Ксенофонт побежал, не слыша ног под собою.
— Идите вы и вы, — сказал он, прибегая в комнату старухи, обращаясь к ней и к Христине, с сияющим лицом и задыхающимся голосом, — я все сказал барину! Он согласен! Дает отпускную... Велел звать вас... Идите скорее!
Женщины всполошились, заахали и начали прихорашиваться, чтобы приличнее предстать пред барином. Внутреннее волнение их само собою понятно. Ксенофонт торопил их идти скорее. Он не посмел последовать за ними в кабинет и остался дожидать результата аудиенции в зале, с трепетом посматривая на золотую в углу икону, шепча молитвы, крестясь и творя поклоны.

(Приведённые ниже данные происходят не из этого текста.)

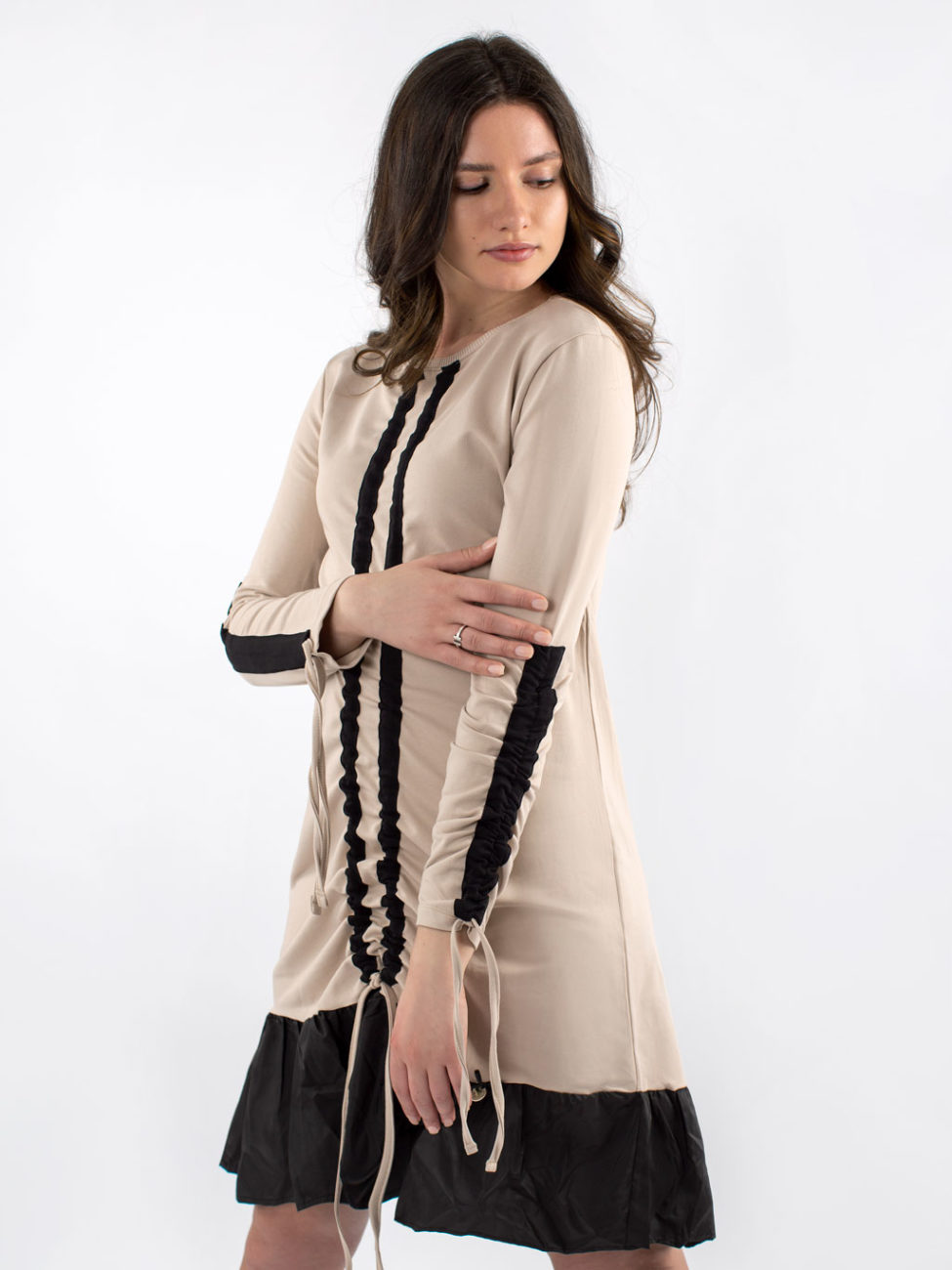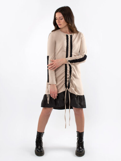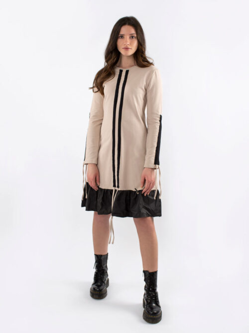 Pohodlné bavlnené šaty, ktoré sa dajú nosiť aj ako tunika. Svojou dĺžkou siahajú po kolená a sú ukončené šušťákovým volánom. Šaty sú rovného strihu, dĺžka šiat siaha po kolená ale viete si ju prispôsobiť aj vďaka nastaviteľným šnúrkam a šaty môžu vyzerať stále inak. Tak isto ako aj rukávy, ktoré sú dlhé ale stiahnutím šnúrky ich viete nastaviť na požadovanú dĺžku. Ideálny kúsok, ktorý využijete počas celého roka.

Митрофан Александрович продолжал полулежать с беззаботным и благодушным видом, предполагая встретить в невесте своего камердинера весьма обыкновенное, простое лицо горничной девушки или магазинной швеи, но красота Христины озадачила и отуманила его... Между тем Демьяновна обратилась к нему с приличною случаю рацеею, а Христина стояла возле, не смея поднять глаза свои на барина. Смущение девушки, алый румянец, покрывший ее щеки, и высоко дышащая грудь делали ее прелестнее обыкновенного... Митрофан Александрович жадно впился в нее глазами, не слушая вовсе старуху.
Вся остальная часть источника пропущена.